I am all in favor of exhibitions, research papers, and other means of demonstrating what students know and can do. These ways of assessing give teachers an in-depth look at what students have learned. These are the right tools for the individual teacher and for Sizer-style schools. More power to them and to you.

But you acknowledge that these are not the right tools for a district or a state or a nation that is trying to see how well students in fourth grade or eighth grade or twelfth grade are doing. You suggest that large-scale standardized testing should be sample-based, like NAEP. This would assure that there are no "stakes" for any individual student. Quite honestly, I don't know what the right answer is. I know that there are testing experts and education economists who argue that having stakes is very important, that they create incentives for higher performance, that one reason NAEP 12th grade results are so poor is because students know the test has no stakes. Al Shanker often told audiences that his students would ask him, "Will it be on the test?" If he said no, they didn't bother to learn what he was teaching; if he said yes, they were very attentive.

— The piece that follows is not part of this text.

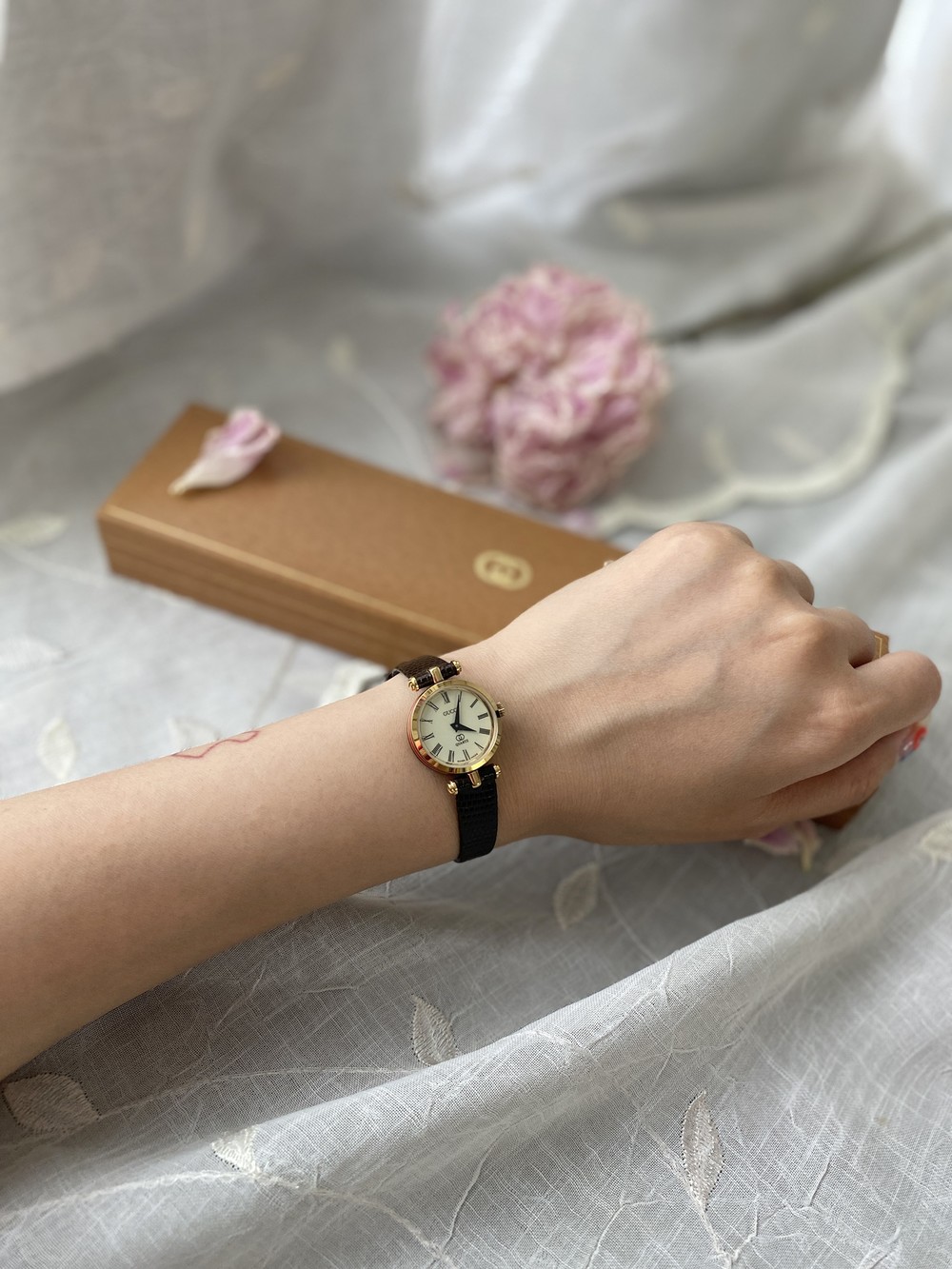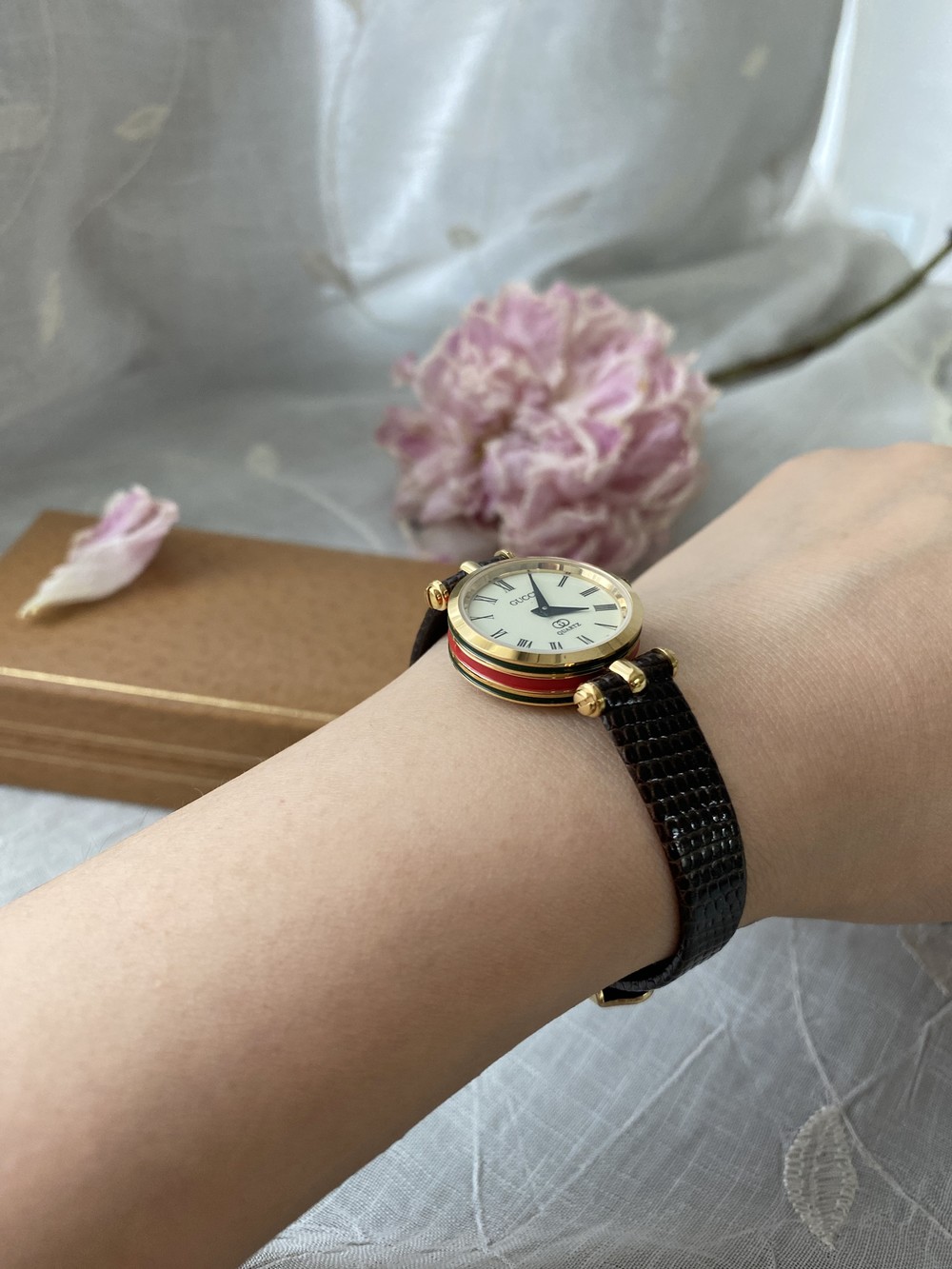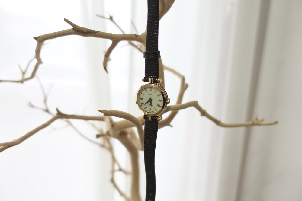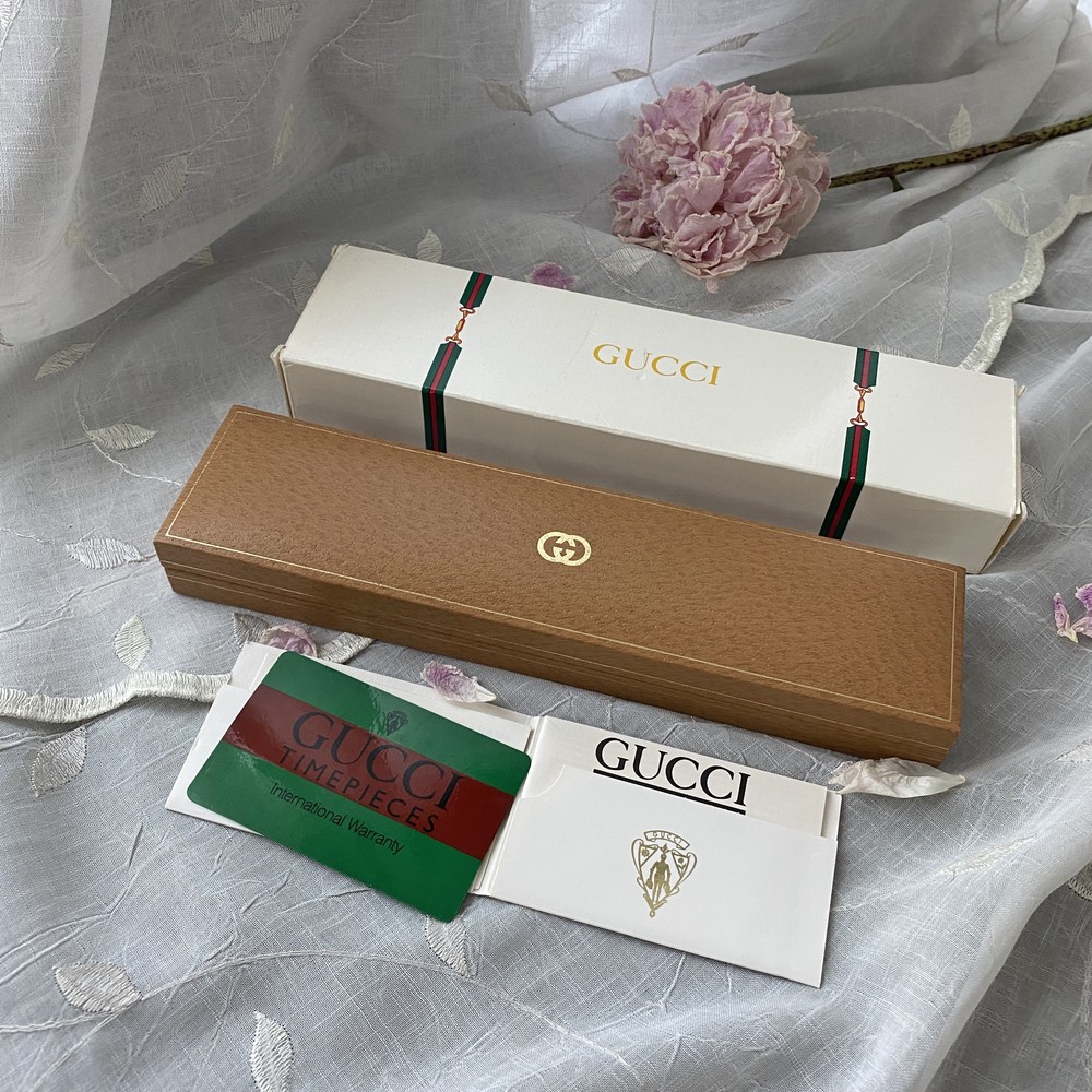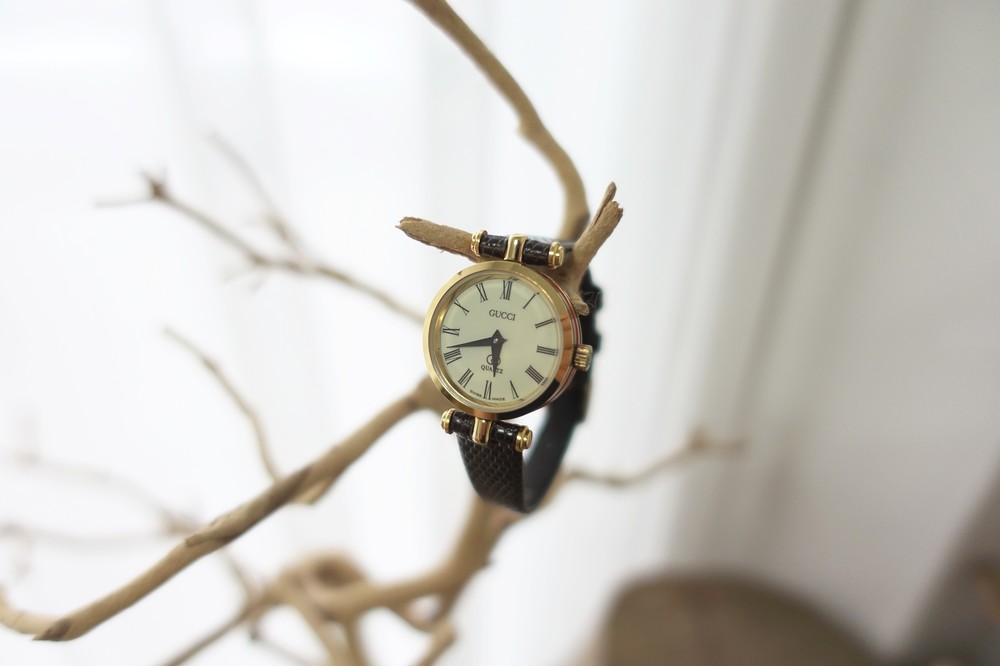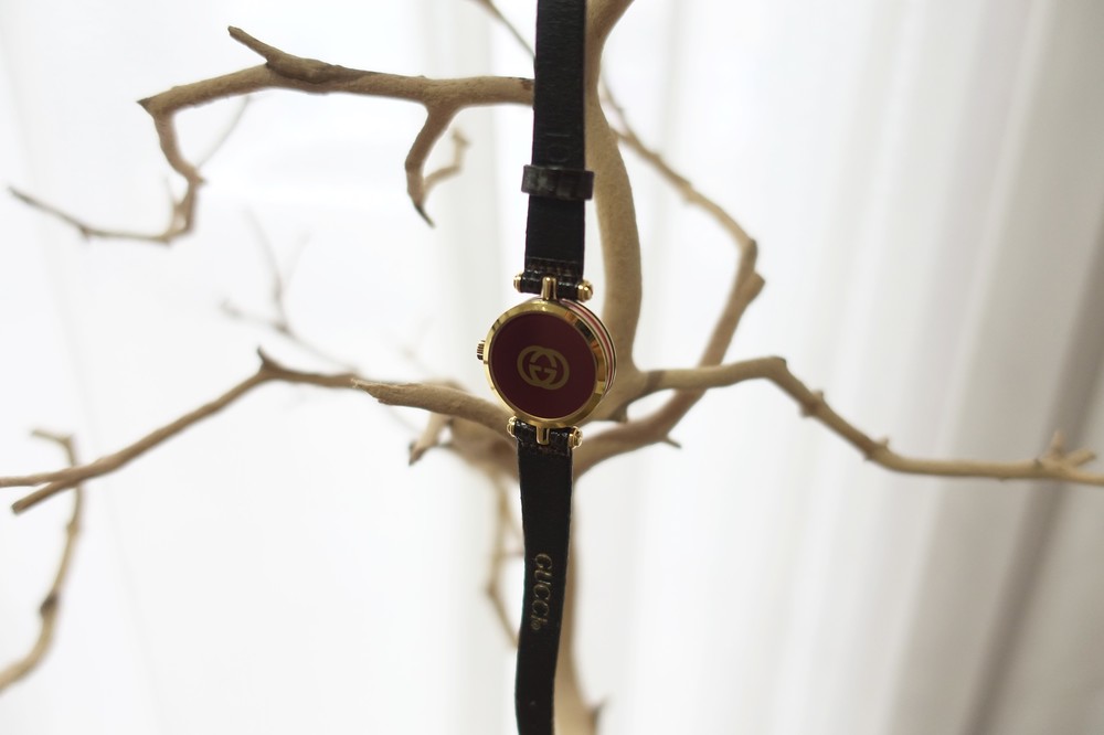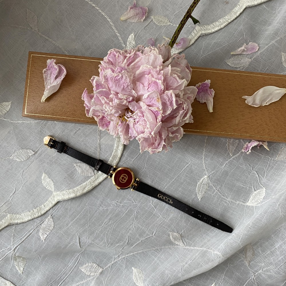 너무나도 잘 에이징 된 골드 다이얼과 구찌 GG 심볼이 인상적이며

Maybe our readers will weigh in and help me on this one. Or we should call in some psychometricians.

Diane


16 Comments

For me, the problem with standardized test is not that they don't provide teachers and other educators with useful information about what students have learned -- they do. But they're not a complete picture -- most educators want students taking a history course not only to acquire enough factual knowledge to pass a multiple choice test, but to be able to write and speak insightfully about what they have learned.

But in a resources-pressed world, what is tested becomes what is taught, particularly if the test results have large consequences in accountability frameworks.

If states decided that giving road tests for driver's licenses was too expensive and required only a written test, students would spend lots of time studying the rule book and very little time on the road. I don't think the overall effect on driver education would be good.

If all that really "counts" for schools is how well their students do on multiple choice tests, that's what schools will focus on. And I don't think the overall effect on the teaching of history will be good.


Diane,

The tests that we currently administer to our children have caused a narrowing of the curriculum and the extreme cases of “test prep” driven classrooms. By limiting our assessments to “reading” and “math”, time within the classroom necessarily squeezes out everything else (science, history, art, music, etc…).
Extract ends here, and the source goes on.